We really need population size data, since the number of people in NZ also varies by age group.  Showing the percentage receiving benefits in each age group gives a different picture again


It looks as though

  • “working age” people 25-39 and 40-54 make up a larger fraction of those receiving benefits than people 18-24 or 55-64
  • a person receiving benefits is more likely to be, say, 20 or 60 than 35 or 45.
  • the proportion of people receiving benefits increases with age

These can all be true; they’re subtly different questions. Part of the job of a statistician is to help you think about which one you wanted to ask.

August 9, 2017


  • From econ blog “Worthwhile Canadian Initiative”:  “The fraction of children earning more than their parents fell from approximately 90% for children born in 1940 to around 50% for children entering the labor market today. Not children. Boys, perhaps, but not children. “
  • From North and South, a story on what direct-to-consumer genetic testing might be good for.
  • There are lots of websites with useful and interesting data out there, but you need to worry about what the data mean. Kaiser Fung has an example from a Kaggle challenge involving Hollywood movies “Huge alarm bells should be going off in the analyst’s head right around now. There were only eleven movies about vampires? Only eleven martial arts movies? Only twelve movies involving superheroes?” (via Andrew Gelman)
  • Wired magazine reprints a Harper’s story about that 1984 revolution in numerical computing, the spreadsheet. “It is not far-fetched to imagine that the introduction of the electronic spreadsheet will have an effect like that brought about by the development during the Renaissance of double-entry bookkeeping. ” If anything, an underestimate.
August 8, 2017

Breast cancer alcohol twitter

Twitter is not an ideal format for science communication, because of the 140-character limitations: it’s easy to inadvertently leave something out.  Here’s one I was referred to this morning (link, so you can see if it is retracted)

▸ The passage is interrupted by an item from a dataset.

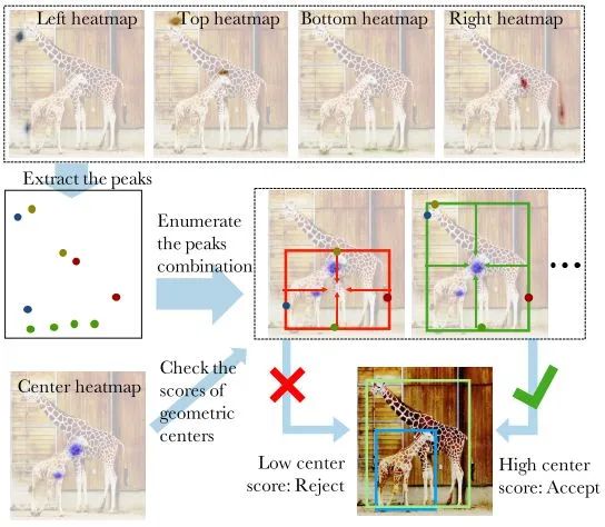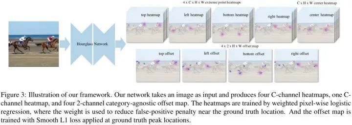 作者使用了最佳的关键点估计框架,通过对每个目标类预测4个多峰值的heatmaps来寻找极值点。另外,作者使用每个类center heatmap来预测目标中心。仅通过基于几何的方法来对极值点分组,如果4个极值点的几何中点在center map上对应的分数高于阈值,则这4个极值点分为一组。

Usually I’d think it was a bit unfair to go after this sort of thing on StatsChat.  The reason I’m making an exception here is the hashtag: this is a political statement by a person of mana.

There’s one gross inaccuracy (which I missed on first reading) and one sub-optimal presentation of risk.  To start off, though, there’s nothing wrong with the underlying number: unlike many of its ilk it isn’t an extrapolation from high levels of drinking and it isn’t obviously confounded, because moderate drinkers are otherwise in better health than non-drinkers on average.  The underlying number is that for each standard drink per day, the rate of breast cancer increases by a factor of about 1.1.

The gross inaccuracy is the lack of a per day qualifier, making the statement inaccurate by a factor of several thousand.  An average of one standard drink per day is not a huge amount, but it’s probably more than the average for women in NZ (given the  2007/08 New Zealand Alcohol and Drug Use Survey finding that about half of women drank alcohol less than weekly).

Relative rates are what the research produces, but people tend to think in absolute risks, despite the explicit “relative risk” in the tweet.  The rate of breast cancer in middle age (what the data are about) is fairly low. The lifetime risk for a 45 year old woman (if you don’t die of anything else before age 90) is about 12%.  A 10% increase in that is 13.2%, not 22%. It would take about 7 drinks per day to roughly double your risk (1.17=1.94)  — and you’d have other problems as well as breast cancer risk.